Polri Bongkar Sindikat Penjualan BBM Subsidi dengan Barcode Palsu dan Surat Rekomendasi Fiktif
Jakarta – BUSERMEDIAINVESTIGASI.ID-Tim Direktorat Tindak Pidana Tertentu (Dirtipidter) Bareskrim Polri berhasil mengungkap praktik ilegal penjualan solar bersubsidi menggunakan barcode palsu dan surat rekomendasi fiktif di dua wilayah berbeda, yaitu Tuban, Jawa Timur, dan Karawang, Jawa Barat.
Direktur Dirtipidter Bareskrim Polri, Brigjen Pol Nunung Syaifuddin, mengungkapkan bahwa pengungkapan kasus ini berawal dari laporan masyarakat terkait dugaan penyalahgunaan BBM subsidi.

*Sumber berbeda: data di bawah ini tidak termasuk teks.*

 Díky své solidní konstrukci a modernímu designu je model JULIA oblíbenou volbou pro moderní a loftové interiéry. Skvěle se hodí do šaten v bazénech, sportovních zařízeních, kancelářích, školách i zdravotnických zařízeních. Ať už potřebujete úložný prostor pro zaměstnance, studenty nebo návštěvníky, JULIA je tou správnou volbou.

Berdasarkan informasi tersebut, penyidik melakukan penyelidikan dan menangkap delapan tersangka yang diduga terlibat dalam praktik ilegal ini.

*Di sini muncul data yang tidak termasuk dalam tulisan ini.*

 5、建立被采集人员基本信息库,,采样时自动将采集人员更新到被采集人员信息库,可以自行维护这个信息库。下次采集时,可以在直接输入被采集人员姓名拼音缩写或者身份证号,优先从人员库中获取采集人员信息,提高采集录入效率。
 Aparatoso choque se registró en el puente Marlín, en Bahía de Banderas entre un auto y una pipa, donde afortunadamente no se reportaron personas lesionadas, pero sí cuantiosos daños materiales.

Untuk modus barcode palsu kami temukan di Tuban, sementara modus penggunaan surat rekomendasi terjadi di Karawang," ujar Brigjen Nunung dalam konferensi pers di Bareskrim Mabes Polri, Kamis (6/3).
Modus Operandi di Tuban
Di Tuban, tiga tersangka berinisial BC, K, dan J menggunakan satu unit kendaraan Isuzu Panther untuk mengambil solar subsidi secara berulang di SPBU.
Mereka memanfaatkan 45 barcode palsu yang berbeda agar bisa membeli solar dalam jumlah besar. BBM tersebut kemudian disimpan di gudang sebelum dijual kembali dengan harga lebih tinggi.

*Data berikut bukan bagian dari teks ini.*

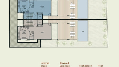• The small mechanical area allows for a spacious, flexible-use roof garden.
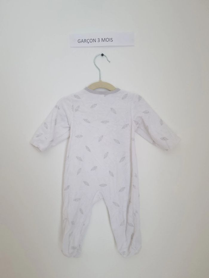 Pyjama 1 pièce chaud utilisé plusieurs fois mais en très bon état 3 mois fermeture par l'avant à l'aide de boutons pressions blanc à motifs feuilles grises mixte
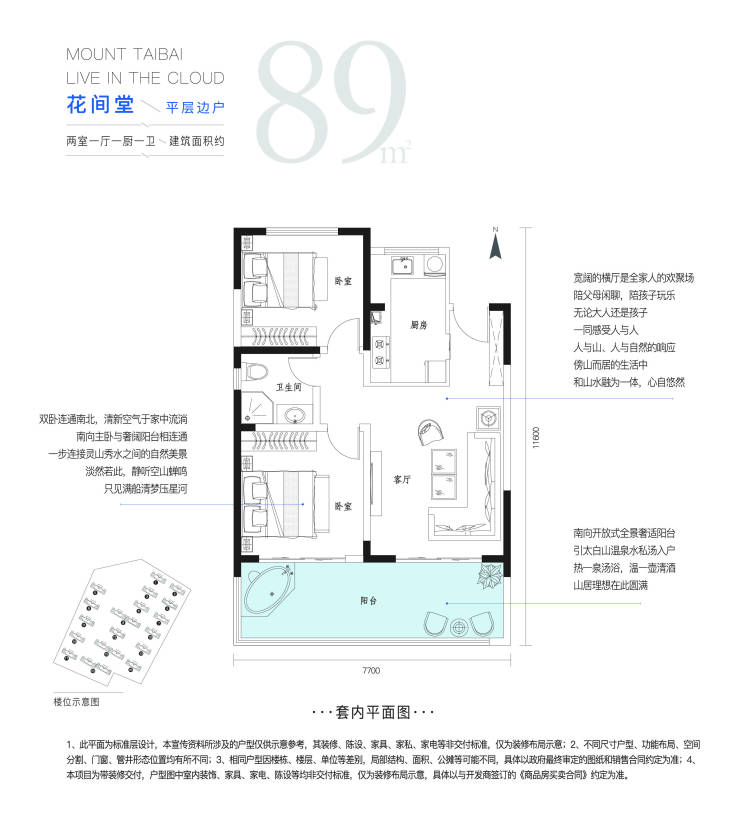 巨幕阳台:太白山同类型产品最大尺寸阳台,进深2.4米,开间7.1米~7.7米

Kegiatan ini sudah berlangsung selama lima bulan dan menyebabkan kerugian negara yang signifikan," tambah Nunung.
Modus Operandi di Karawang
Sementara itu, di Karawang, lima tersangka berinisial LA, HB, S, AS, dan E menggunakan surat rekomendasi pembelian solar untuk petani dan warga desa.
Surat tersebut kemudian digunakan untuk mendapatkan barcode MyPertamina, yang dikumpulkan dan dipakai untuk membeli solar subsidi dalam jumlah besar.
Setelah dikumpulkan di sebuah gudang, BBM tersebut dijual kembali dengan harga lebih mahal dibandingkan harga subsidi. Modus ini telah berlangsung selama satu tahun.
Harga subsidi per liter Rp6.800, namun mereka menjualnya Rp8.600 per liter," ungkap Brigjen Nunung.
Akibat perbuatan para tersangka, negara mengalami kerugian hingga Rp4,4 miliar.
Para pelaku dijerat dengan Pasal 40 angka 9 Undang-Undang Nomor 6 Tahun 2023 tentang Cipta Kerja, serta Pasal 55 Undang-Undang Nomor 22 Tahun 2001 tentang Minyak dan Gas Bumi.
Mereka terancam hukuman maksimal enam tahun penjara dan denda hingga Rp60 miliar.
Kami mengimbau masyarakat untuk melaporkan jika menemukan indikasi penyalahgunaan BBM subsidi agar praktik ilegal ini bisa segera ditindak," tutup Nunung.